Le président Hamid Karzaï a été investi jeudi pour un nouveau mandat de cinq ans à la tête de l’Afghanistan, par le président de la Cour suprême, selon les images diffusées en direct par la télévision publique afghane.

Hamid Karzaï a prêté serment, au cours d’une cérémonie placée sous haute sécurité, en présence de 800 invités, parmi lesquels 300 responsables étrangers, dont le président pakistanais Asif Ali Zardari et la secrétaire d’Etat américaine Hillary Clinton. M. Karzaï va maintenant investir lui-même ses deux vice-présidents, deux anciens chefs de guerre à la réputation controversée, le Hazara Karim Khalili et surtout le «maréchal à vie» Mohammad Qasim Fahim, accusé de violations des droits de l’homme et de trafic de drogue.

Hamid Karzaï a été réélu à la tête de l’Etat à l’issue d’un scrutin présidentiel calamiteux, marqué par des fraudes massives en sa faveur lors du premier tour le 20 août, et le retrait de son adversaire, Abdullah Abdullah, avant le second tour prévu début novembre .

Des mots forts, en attendant les actes

Les mots du chef de l’Etat étaient très attendus par la communauté internationale, qui multiplie depuis plusieurs semaines les pressions pour qu’il éradique la corruption et restaure une légitimité mise à mal par une réélection entachée de fraudes massives. «Nous devons apprendre de nos erreurs et de nos échecs au cours des huit dernières années», a déclaré M. Karzaï, devant 800 invités triés sur le volet, parmi lesquels 300 responsables étrangers, dont la secrétaire d’Etat américaine Hillary Clinton et le président pakistanais Asif Ali Zardari.

«La culture de l’impunité doit prendre fin» en Afghanistan, a-t-il ajouté, alors que l’Afghanistan occupe le second rang des pays les plus corrompus au monde selon l’ONG Transparency international.

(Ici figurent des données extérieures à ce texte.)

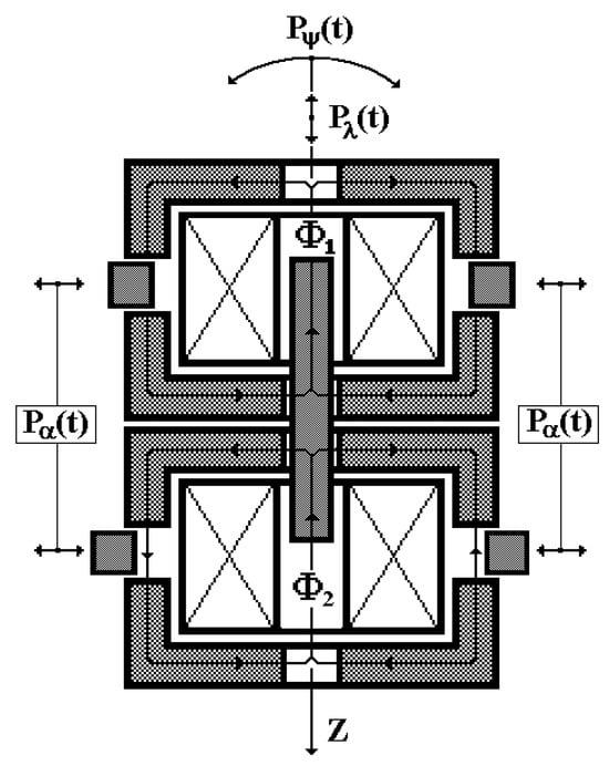 In fact, both MC1 and MC2 have their separate closed magnetic cores, resembling an armored ferrite core in shape, in each of which the excitation currents and of electrical windings MC1 and MC2 generate, respectively, spatially channeled magnetic fluxes Φ1 and Φ2 (Figure 6).

Le président a également espéré que les forces afghanes soient prochainement en mesure d’assurer la sécurité, alors que 100’000 militaires étrangers venus d’une quarantaine de pays sont déployés en Afghanistan et que le président Barack Obama étudie l’envoi de dizaines de milliers de soldats en renfort. «Nous espérons que les forces afghanes pourront prendre en charge la responsabilité de la sécurité dans cinq ans», a-t-il dit.

M. Karzaï a également tendu la main à son principal adversaire à la présidentielle, Abdullah Abdullah, qu’il a invité à participer à la stabilisation du pays.

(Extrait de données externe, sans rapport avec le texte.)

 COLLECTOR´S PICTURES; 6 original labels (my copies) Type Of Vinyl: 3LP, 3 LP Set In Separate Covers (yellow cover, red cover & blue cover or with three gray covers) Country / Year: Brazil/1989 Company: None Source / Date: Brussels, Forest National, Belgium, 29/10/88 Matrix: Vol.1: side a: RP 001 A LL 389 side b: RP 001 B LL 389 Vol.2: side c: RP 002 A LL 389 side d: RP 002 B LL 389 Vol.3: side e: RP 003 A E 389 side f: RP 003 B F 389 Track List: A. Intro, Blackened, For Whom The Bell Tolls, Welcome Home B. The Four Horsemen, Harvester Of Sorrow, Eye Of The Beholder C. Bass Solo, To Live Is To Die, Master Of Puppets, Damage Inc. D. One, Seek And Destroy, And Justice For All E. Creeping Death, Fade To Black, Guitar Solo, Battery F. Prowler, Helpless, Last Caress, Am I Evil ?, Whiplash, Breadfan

Alors que le chômage et la pauvreté ont été identifiés par des ONG comme les principaux facteurs du conflit en Afghanistan, Hamid Karzaï a promis que «des dizaines de milliers d’emplois seront créés pour la reconstruction».

Il a aussi lancé un nouvel appel aux talibans pour qu’ils abandonnent les armes et rejoignent le processus politique, promettant d’organiser une loya jirga, une assemblée tribale traditionnelle, pour apporter «paix et sécurité».

Hamid Karzaï a aussi promis de combattre le trafic de drogue et de prêter une attention particulière aux ministres de son prochain gouvernement: «Ils devront être de bons croyants, honnêtes, professionnels, au service du peuple».